> Information supplied
--- START ---
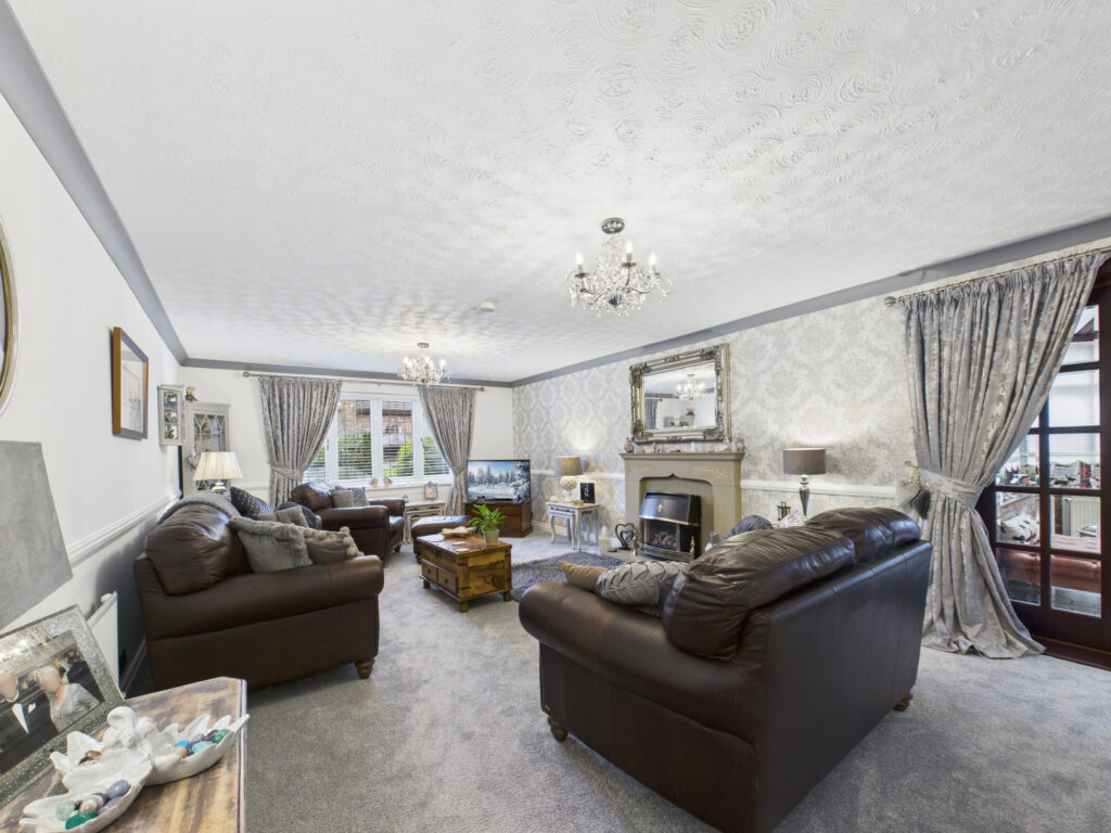 The entrance vestibule leads into a welcoming reception space, creating a warm first impression and an ideal introduction to the home. Beyond this, the principal living room is both generous and inviting, centred around an elegant feature fireplace which provides a natural focal point. Double doors open through to a delightful conservatory, flooded with natural light and offering uninterrupted views across the manicured gardens — a perfect space for relaxation throughout the seasons. Internally, further double doors connect the living room to a formal dining room, providing an excellent flow for both everyday living and more formal entertaining.
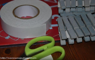 - Katram knaģim vienā pusē pielīmē abpusējo līmlenti;
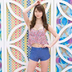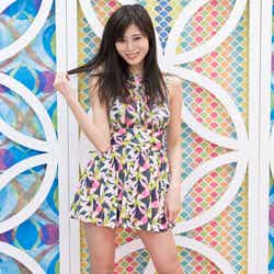 沖舘唯は花柄フレアビキニ&スカートで優雅なリゾートスタイルに。派手になりすぎないレッドの花柄でスタジオを華やかに彩った。
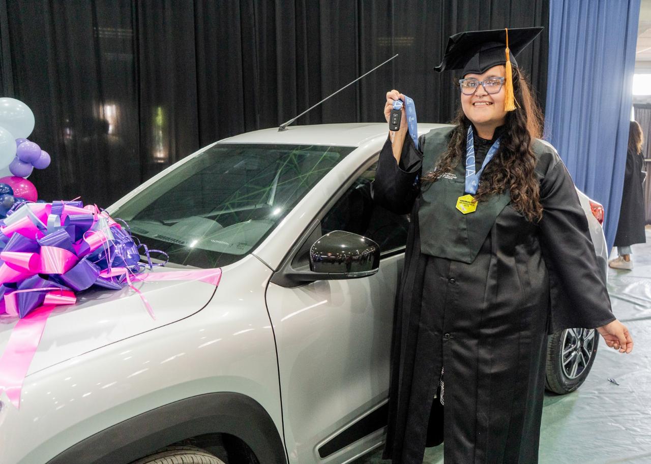 La ganadora del vehículo en la región Chihuahua fue Eunice Hernández González, egresada de la Licenciatura en Humanidades de la Universidad Autónoma de Ciudad Juárez (UACJ) campus Cuauhtémoc, quien destacó que existan este tipo de programas en los que se recompensa el esfuerzo y empeño de las alumnas y los alumnos.
--- END ---
> Action item
Reproduce the material above verbatim; omit every picture.

> Reply to the exercise
 The entrance vestibule leads into a welcoming reception space, creating a warm first impression and an ideal introduction to the home. Beyond this, the principal living room is both generous and inviting, centred around an elegant feature fireplace which provides a natural focal point. Double doors open through to a delightful conservatory, flooded with natural light and offering uninterrupted views across the manicured gardens — a perfect space for relaxation throughout the seasons. Internally, further double doors connect the living room to a formal dining room, providing an excellent flow for both everyday living and more formal entertaining.
 - Katram knaģim vienā pusē pielīmē abpusējo līmlenti;
 沖舘唯は花柄フレアビキニ&スカートで優雅なリゾートスタイルに。派手になりすぎないレッドの花柄でスタジオを華やかに彩った。
 La ganadora del vehículo en la región Chihuahua fue Eunice Hernández González, egresada de la Licenciatura en Humanidades de la Universidad Autónoma de Ciudad Juárez (UACJ) campus Cuauhtémoc, quien destacó que existan este tipo de programas en los que se recompensa el esfuerzo y empeño de las alumnas y los alumnos.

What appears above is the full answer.